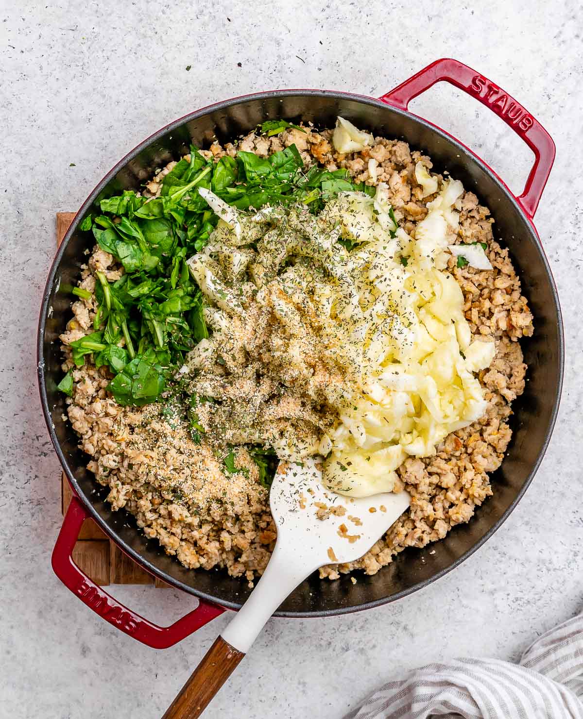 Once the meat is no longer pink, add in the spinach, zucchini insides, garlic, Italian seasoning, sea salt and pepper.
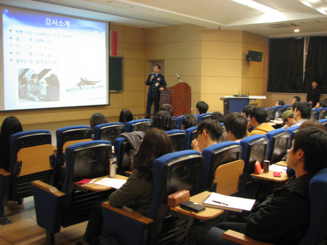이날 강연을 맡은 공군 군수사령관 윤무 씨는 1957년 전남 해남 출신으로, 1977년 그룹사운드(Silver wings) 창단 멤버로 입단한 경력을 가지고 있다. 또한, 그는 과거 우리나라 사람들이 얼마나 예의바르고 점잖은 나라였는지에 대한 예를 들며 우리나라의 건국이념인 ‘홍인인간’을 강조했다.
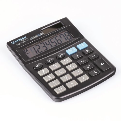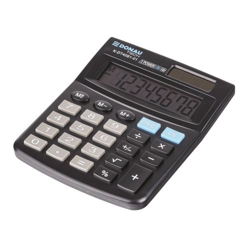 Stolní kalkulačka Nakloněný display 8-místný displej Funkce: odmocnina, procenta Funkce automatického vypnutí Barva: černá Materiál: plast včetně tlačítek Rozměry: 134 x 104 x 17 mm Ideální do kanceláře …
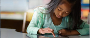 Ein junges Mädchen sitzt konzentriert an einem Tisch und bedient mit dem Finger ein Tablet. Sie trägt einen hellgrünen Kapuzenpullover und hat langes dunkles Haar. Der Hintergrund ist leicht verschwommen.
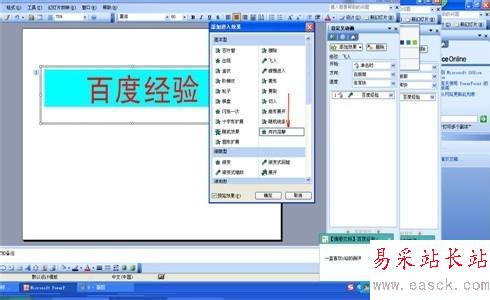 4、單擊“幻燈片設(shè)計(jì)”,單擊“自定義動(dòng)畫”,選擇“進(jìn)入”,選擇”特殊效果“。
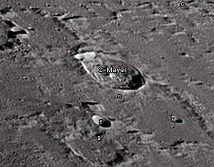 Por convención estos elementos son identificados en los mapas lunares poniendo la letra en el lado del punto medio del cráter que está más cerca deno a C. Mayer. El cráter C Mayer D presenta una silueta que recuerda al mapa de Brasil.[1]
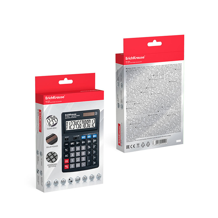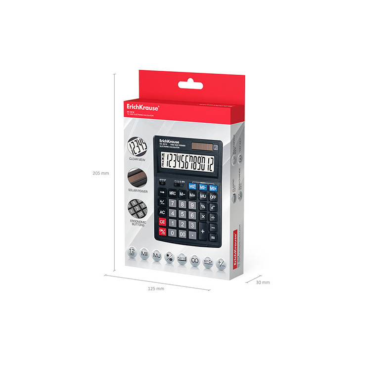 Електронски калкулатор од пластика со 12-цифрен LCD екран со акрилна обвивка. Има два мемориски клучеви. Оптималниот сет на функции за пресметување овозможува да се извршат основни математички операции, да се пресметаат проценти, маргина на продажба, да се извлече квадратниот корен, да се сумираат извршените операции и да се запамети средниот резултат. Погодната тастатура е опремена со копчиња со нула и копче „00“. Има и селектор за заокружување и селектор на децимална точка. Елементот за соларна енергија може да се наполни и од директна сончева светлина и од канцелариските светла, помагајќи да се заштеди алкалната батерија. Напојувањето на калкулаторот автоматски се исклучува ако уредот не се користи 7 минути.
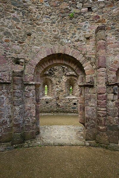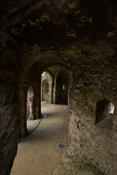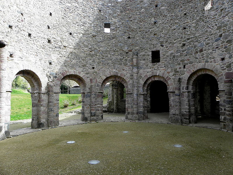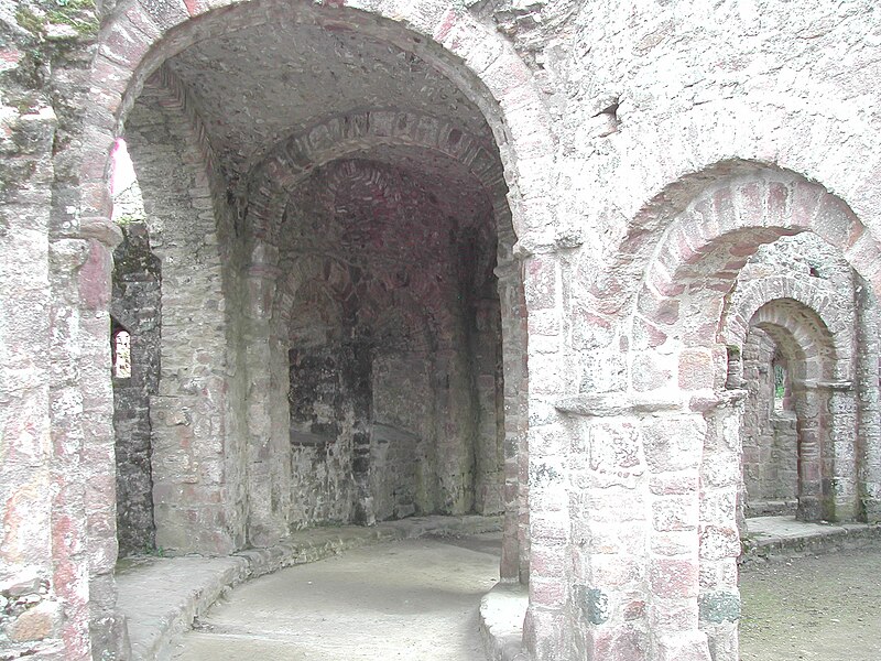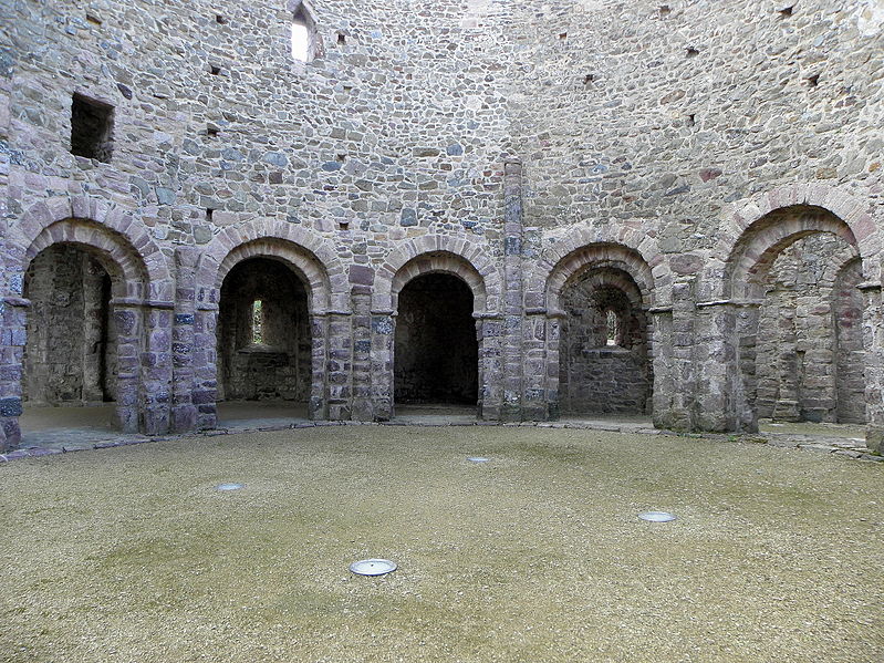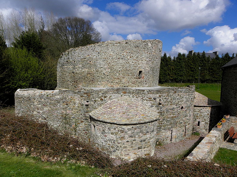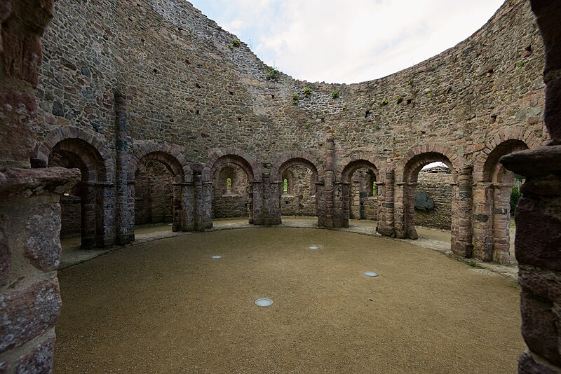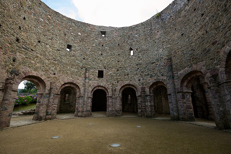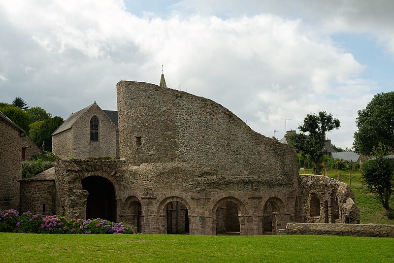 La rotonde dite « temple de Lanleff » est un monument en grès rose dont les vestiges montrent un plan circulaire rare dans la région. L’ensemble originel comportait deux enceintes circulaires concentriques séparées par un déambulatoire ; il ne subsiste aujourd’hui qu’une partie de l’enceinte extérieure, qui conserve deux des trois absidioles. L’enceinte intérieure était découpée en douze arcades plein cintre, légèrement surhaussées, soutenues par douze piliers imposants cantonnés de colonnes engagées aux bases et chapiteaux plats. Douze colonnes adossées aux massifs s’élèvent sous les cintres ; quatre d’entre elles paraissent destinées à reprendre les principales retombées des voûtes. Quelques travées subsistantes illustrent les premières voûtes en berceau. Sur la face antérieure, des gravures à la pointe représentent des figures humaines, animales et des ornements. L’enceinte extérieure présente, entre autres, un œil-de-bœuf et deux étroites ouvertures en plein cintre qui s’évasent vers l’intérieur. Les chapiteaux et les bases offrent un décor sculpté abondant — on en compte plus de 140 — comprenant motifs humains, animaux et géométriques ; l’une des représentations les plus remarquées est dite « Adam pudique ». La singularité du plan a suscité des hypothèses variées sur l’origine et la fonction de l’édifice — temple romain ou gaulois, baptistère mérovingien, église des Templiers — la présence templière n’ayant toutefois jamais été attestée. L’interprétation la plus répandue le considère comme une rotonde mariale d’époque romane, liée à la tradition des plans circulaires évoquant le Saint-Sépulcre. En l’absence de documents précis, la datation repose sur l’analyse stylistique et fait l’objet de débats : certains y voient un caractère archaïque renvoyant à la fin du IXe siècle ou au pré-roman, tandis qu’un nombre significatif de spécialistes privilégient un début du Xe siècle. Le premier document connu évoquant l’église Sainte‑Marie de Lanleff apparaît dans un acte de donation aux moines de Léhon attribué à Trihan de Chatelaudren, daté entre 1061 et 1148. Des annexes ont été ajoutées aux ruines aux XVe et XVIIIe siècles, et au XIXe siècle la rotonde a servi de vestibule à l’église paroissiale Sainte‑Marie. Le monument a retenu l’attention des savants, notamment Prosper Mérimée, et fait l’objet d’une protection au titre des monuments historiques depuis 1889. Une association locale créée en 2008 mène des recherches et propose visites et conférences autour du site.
_____
*WHAT IS EXPECTED*. Reproduce the material word for word. Skip every picture it holds.

*YOUR RESPONSE*.
 Once the meat is no longer pink, add in the spinach, zucchini insides, garlic, Italian seasoning, sea salt and pepper.
이날 강연을 맡은 공군 군수사령관 윤무 씨는 1957년 전남 해남 출신으로, 1977년 그룹사운드(Silver wings) 창단 멤버로 입단한 경력을 가지고 있다. 또한, 그는 과거 우리나라 사람들이 얼마나 예의바르고 점잖은 나라였는지에 대한 예를 들며 우리나라의 건국이념인 ‘홍인인간’을 강조했다.
 Stolní kalkulačka Nakloněný display 8-místný displej Funkce: odmocnina, procenta Funkce automatického vypnutí Barva: černá Materiál: plast včetně tlačítek Rozměry: 134 x 104 x 17 mm Ideální do kanceláře …
 Ein junges Mädchen sitzt konzentriert an einem Tisch und bedient mit dem Finger ein Tablet. Sie trägt einen hellgrünen Kapuzenpullover und hat langes dunkles Haar. Der Hintergrund ist leicht verschwommen.
 4、單擊“幻燈片設(shè)計(jì)”,單擊“自定義動(dòng)畫”,選擇“進(jìn)入”,選擇”特殊效果“。
 Por convención estos elementos son identificados en los mapas lunares poniendo la letra en el lado del punto medio del cráter que está más cerca deno a C. Mayer. El cráter C Mayer D presenta una silueta que recuerda al mapa de Brasil.[1]
 Електронски калкулатор од пластика со 12-цифрен LCD екран со акрилна обвивка. Има два мемориски клучеви. Оптималниот сет на функции за пресметување овозможува да се извршат основни математички операции, да се пресметаат проценти, маргина на продажба, да се извлече квадратниот корен, да се сумираат извршените операции и да се запамети средниот резултат. Погодната тастатура е опремена со копчиња со нула и копче „00“. Има и селектор за заокружување и селектор на децимална точка. Елементот за соларна енергија може да се наполни и од директна сончева светлина и од канцелариските светла, помагајќи да се заштеди алкалната батерија. Напојувањето на калкулаторот автоматски се исклучува ако уредот не се користи 7 минути.
 La rotonde dite « temple de Lanleff » est un monument en grès rose dont les vestiges montrent un plan circulaire rare dans la région. L’ensemble originel comportait deux enceintes circulaires concentriques séparées par un déambulatoire ; il ne subsiste aujourd’hui qu’une partie de l’enceinte extérieure, qui conserve deux des trois absidioles. L’enceinte intérieure était découpée en douze arcades plein cintre, légèrement surhaussées, soutenues par douze piliers imposants cantonnés de colonnes engagées aux bases et chapiteaux plats. Douze colonnes adossées aux massifs s’élèvent sous les cintres ; quatre d’entre elles paraissent destinées à reprendre les principales retombées des voûtes. Quelques travées subsistantes illustrent les premières voûtes en berceau. Sur la face antérieure, des gravures à la pointe représentent des figures humaines, animales et des ornements. L’enceinte extérieure présente, entre autres, un œil-de-bœuf et deux étroites ouvertures en plein cintre qui s’évasent vers l’intérieur. Les chapiteaux et les bases offrent un décor sculpté abondant — on en compte plus de 140 — comprenant motifs humains, animaux et géométriques ; l’une des représentations les plus remarquées est dite « Adam pudique ». La singularité du plan a suscité des hypothèses variées sur l’origine et la fonction de l’édifice — temple romain ou gaulois, baptistère mérovingien, église des Templiers — la présence templière n’ayant toutefois jamais été attestée. L’interprétation la plus répandue le considère comme une rotonde mariale d’époque romane, liée à la tradition des plans circulaires évoquant le Saint-Sépulcre. En l’absence de documents précis, la datation repose sur l’analyse stylistique et fait l’objet de débats : certains y voient un caractère archaïque renvoyant à la fin du IXe siècle ou au pré-roman, tandis qu’un nombre significatif de spécialistes privilégient un début du Xe siècle. Le premier document connu évoquant l’église Sainte‑Marie de Lanleff apparaît dans un acte de donation aux moines de Léhon attribué à Trihan de Chatelaudren, daté entre 1061 et 1148. Des annexes ont été ajoutées aux ruines aux XVe et XVIIIe siècles, et au XIXe siècle la rotonde a servi de vestibule à l’église paroissiale Sainte‑Marie. Le monument a retenu l’attention des savants, notamment Prosper Mérimée, et fait l’objet d’une protection au titre des monuments historiques depuis 1889. Une association locale créée en 2008 mène des recherches et propose visites et conférences autour du site.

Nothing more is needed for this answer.